I think you will get more help if you start your own thread. This is someone else's thread so your questions might not be answered as thoroughly as needed. I think that the taper method would be best for both of you if you have children to take care of. You can do this!!! Set a goal and make sure you reach it :)
Also you should start your own thread. How much are you currently taking? I think the best way to handle it might be to get rid of those friends. If they know that you are trying to stop and still keep offering them to you, you don't need friends like that. They aren't real friends that want to help, they only care about making their money off what you buy. Delete their numbers, change your number, move if you have to. It's worth getting off them and staying off them and getting your life back on track :)
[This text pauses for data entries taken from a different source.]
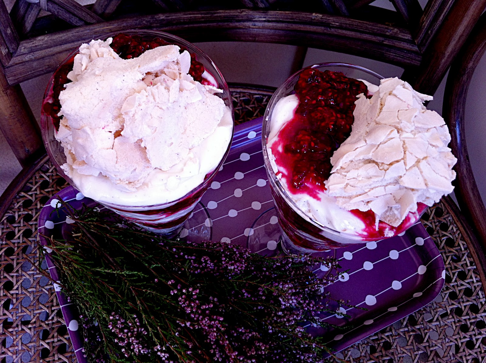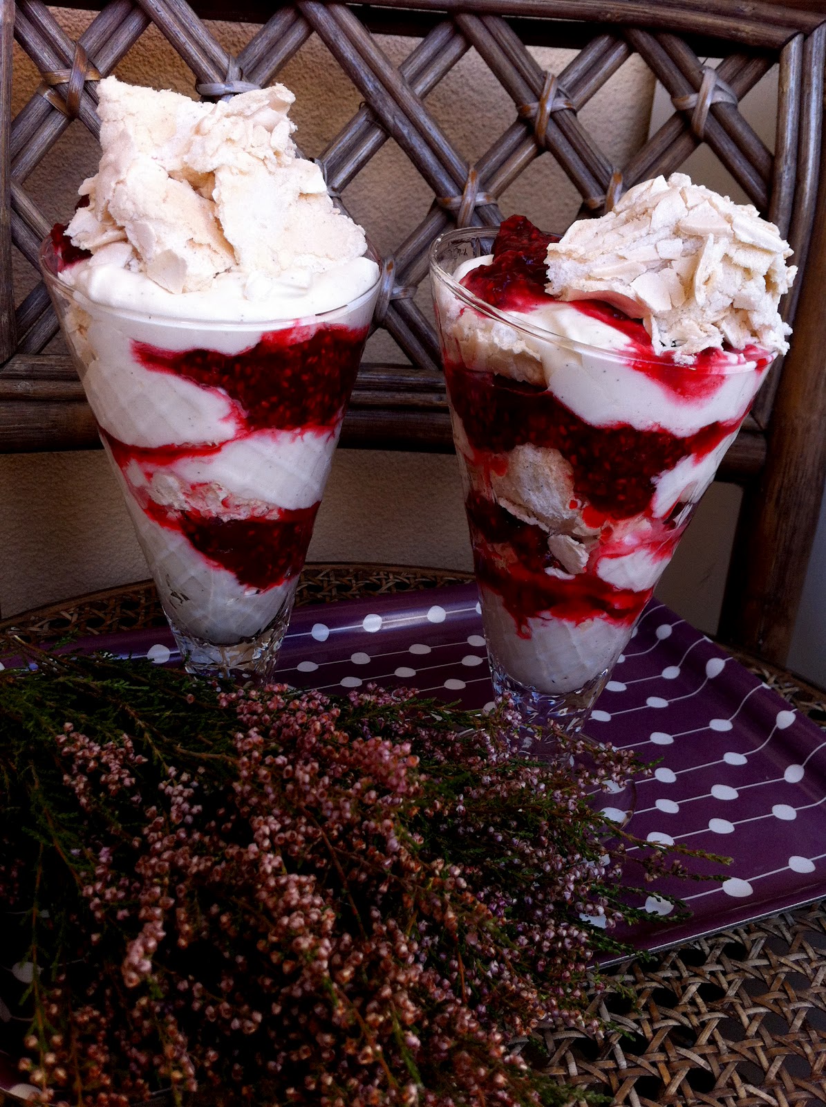 Ubić śmietanę, dodać krem bawarski i żelatynę (namoczone wcześniej płatki i rozpuszczone w kąpieli wodnej lub granulowaną rozpuszczoną w niewielkiej ilości wrzątku). Podzielić powstałą masę na połowę. Do jednej dodać mus z czarnej porzeczki, a do drugiej malinowy.
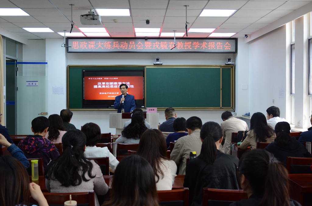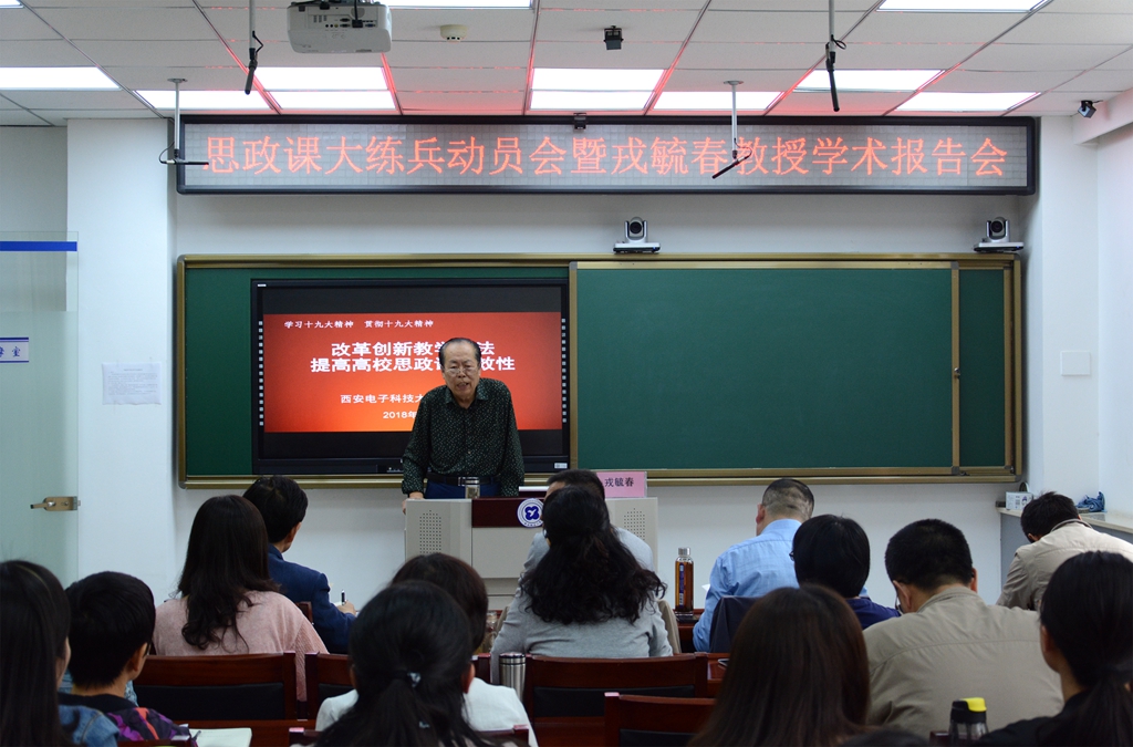 戎毓春教授在题为《改革创新教学方法,提高高校思政课实效性》的报告中,介绍了西安电子科技大学提升思政课教学质量的做法,畅谈了自己从事思政课教学46年的经验体会,希望大家要有事业自信、职业自信和课程自信,不断改革创新思政课教学方法,着力提高思政课教学的实效性,在大练兵中努力提升自己的教学科研水平。
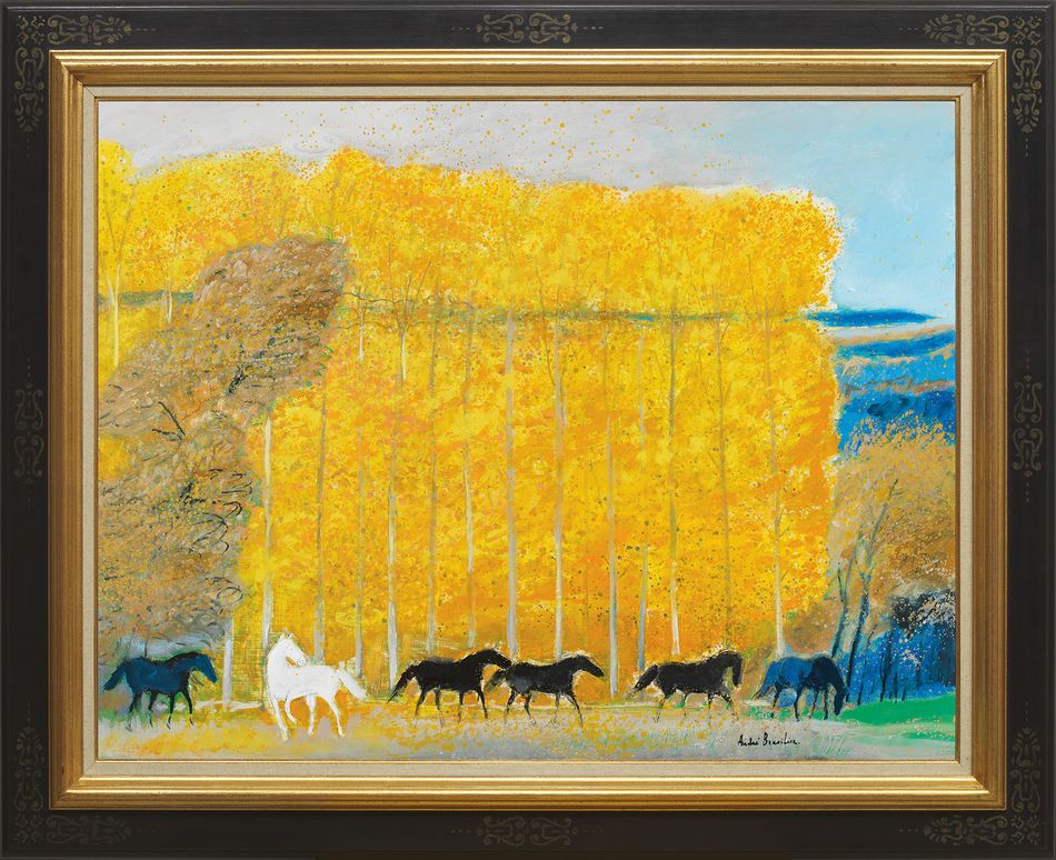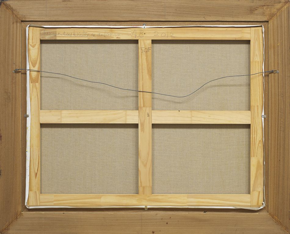 簽名題識畫背框條:Chevaux dans la Vallé en automne A.B. 2012 50F
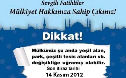 imar planlarına son itiraz tarihi 14 Kasım 2012 saat 17.00 ye kadar
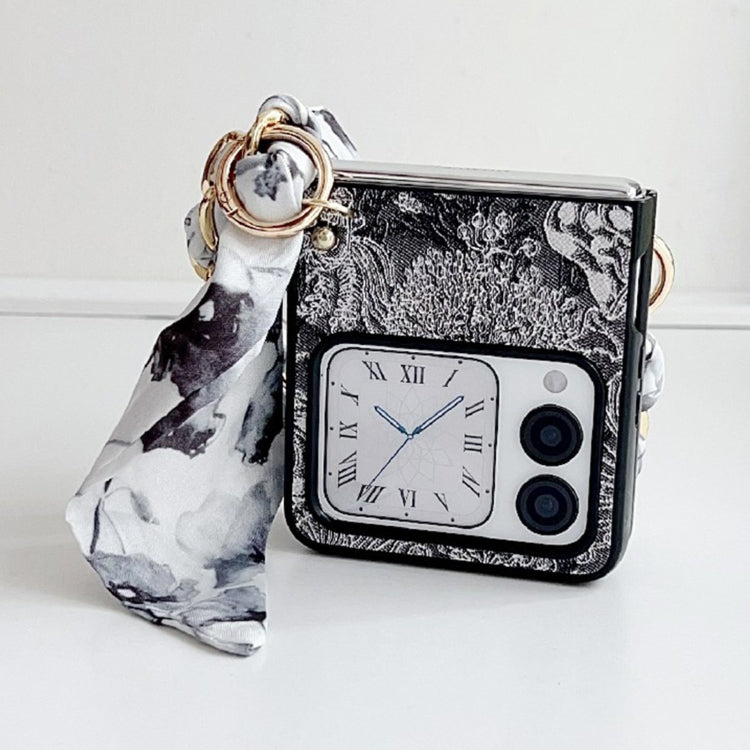Funda para Teléfono Huawei Nova Flip con Cobertura Total y Estilo Bordado (Negra) con Bufanda o Pulsera
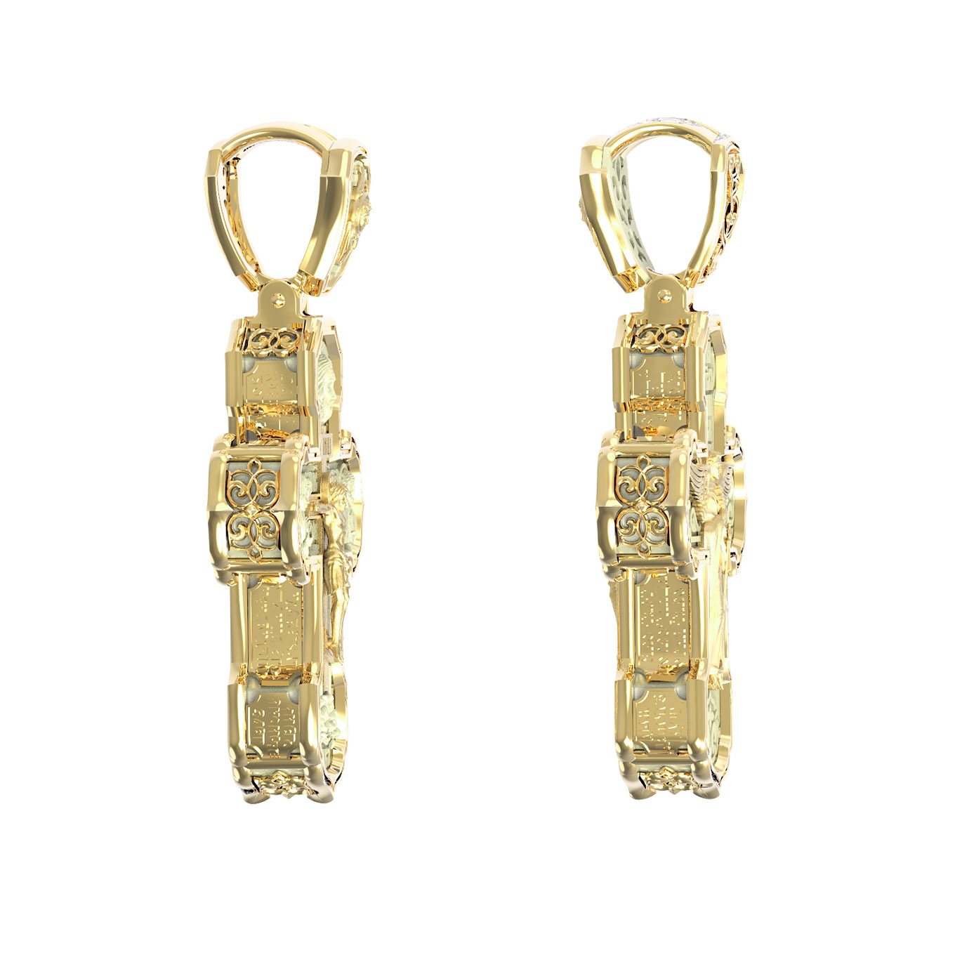 На лицевой стороне креста изображено Распятие Господа и Спасителя нашего Иисуса Христа. Крест- символ спасения и искупления рода человеческого, знамение победы над смертью и адом. Иисус Христос, как искупительная жертва освобождения человечества от власти греха, умер крестной смертью и в третий день воскрес. На верхней табличке, выше головы Иисуса, расположена надпись, составленная Понтием Пилатом — «IНЦI». Она означает «Иисус Назорей, Царь Иудейский». Надпись «IС» « ХС» означает Иисус Христос и помещается на разных сторонах поперечной (большой) перекладины креста. Рядом расположена надпись «Сын Божий». Выше Распятия изображен Нерукотворный образ Господа и Спасителя нашего Иисуса Христа. Слева от Распятия изображена Пресвятая Богородица, справа — апостол и евангелист Иоанн Богослов, один из ближайших учеников Иисуса Христа. Крест стоит на горе камней, символизирующих Голгофу. В ее основании различается череп — это голова Адама. Вдоль креста изображены копие сотника Лонгина и трость с губкой и буквы «К» и «Т». Надпись «МЛРБ» — «место лобное рай бысть» означает, что место лобное стало раем и помещаются в нижней части креста. Рядом — слово «НИКА», что означает «победитель». На православном кресте Христос не умирает, а свободно простирает руки, ладони Иисуса открыты, будто он хочет обнять все человечество, даря им свою любовь и открывая путь к вечной жизни. На кулонном кольце изображен шестикрылый Серафим.
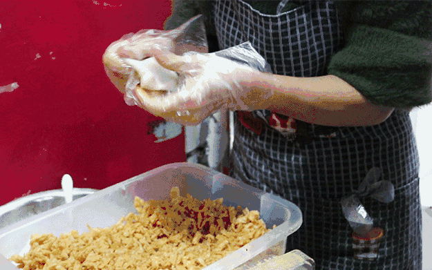 随后会蘸上花生粉,这样花生香味配合软糯的皮和香脆的馅,咬下一口就能感受浓浓的漳州风味,这样的味道你还不爱嘛?

Im a RN who was addicted to Lortab for 2 years. I used Methadone to avoid withdrawals when I decided to stop taking. I would take one half Medthadone 10mg in morning and again at night. I did this for 3 days. NO WITHDRAWALS!!! However, the urge to go buy Lortab remains a daily battle. Clonidine, a drug used to treat high blood pressure is used to avoid withdrawal symptoms. I have found this to help with the leg cramps, esp experienced @ night. I wish u ALL the luck, all of u!!! WE CAN BEAT THIS!!!! It's more of a mind thing than anything. Change your thoughts. GOD BLESS
IM OFF LORTABS, I TOOK MY LAST ONE AT TWO O CLOCK ON SATURDAY. LAST NITE, I DIDNT SLEEP WELL AT ALL BUT I AM NOT FEELING TOO BAD. IVE BEEN ADDICTED FOR ABOUT TWO YRS, IVE QUIT ONCE BEFORE BUT THAT WAS WHEN I WAS ONLY TAKING 2-3, I WAS UP TO 7-8 BEFORE I SLOWLY WEANED MYSELF DOWN TO ONE OVER TWO WEEKS. THIS IS AN UPHILL BATTLE BUT IF U KEEP FAITH IN YOURSELF, YOU CAN DO IT. YOU HAVE TO REALLY WANT IT AND BE READY OR IT'S NOT GOING TO WORK. THEY USED TO MAKE ME FEEL GREAT BUT AS MY ADDICTION WORSENED, ALL THEY DID WAS MAKE ME IRRITABLE AND TIRED. YOU OWE IT TO YOURSELF TO BE ABLE TO LIVE AGAIN!!! GOOD LUCK!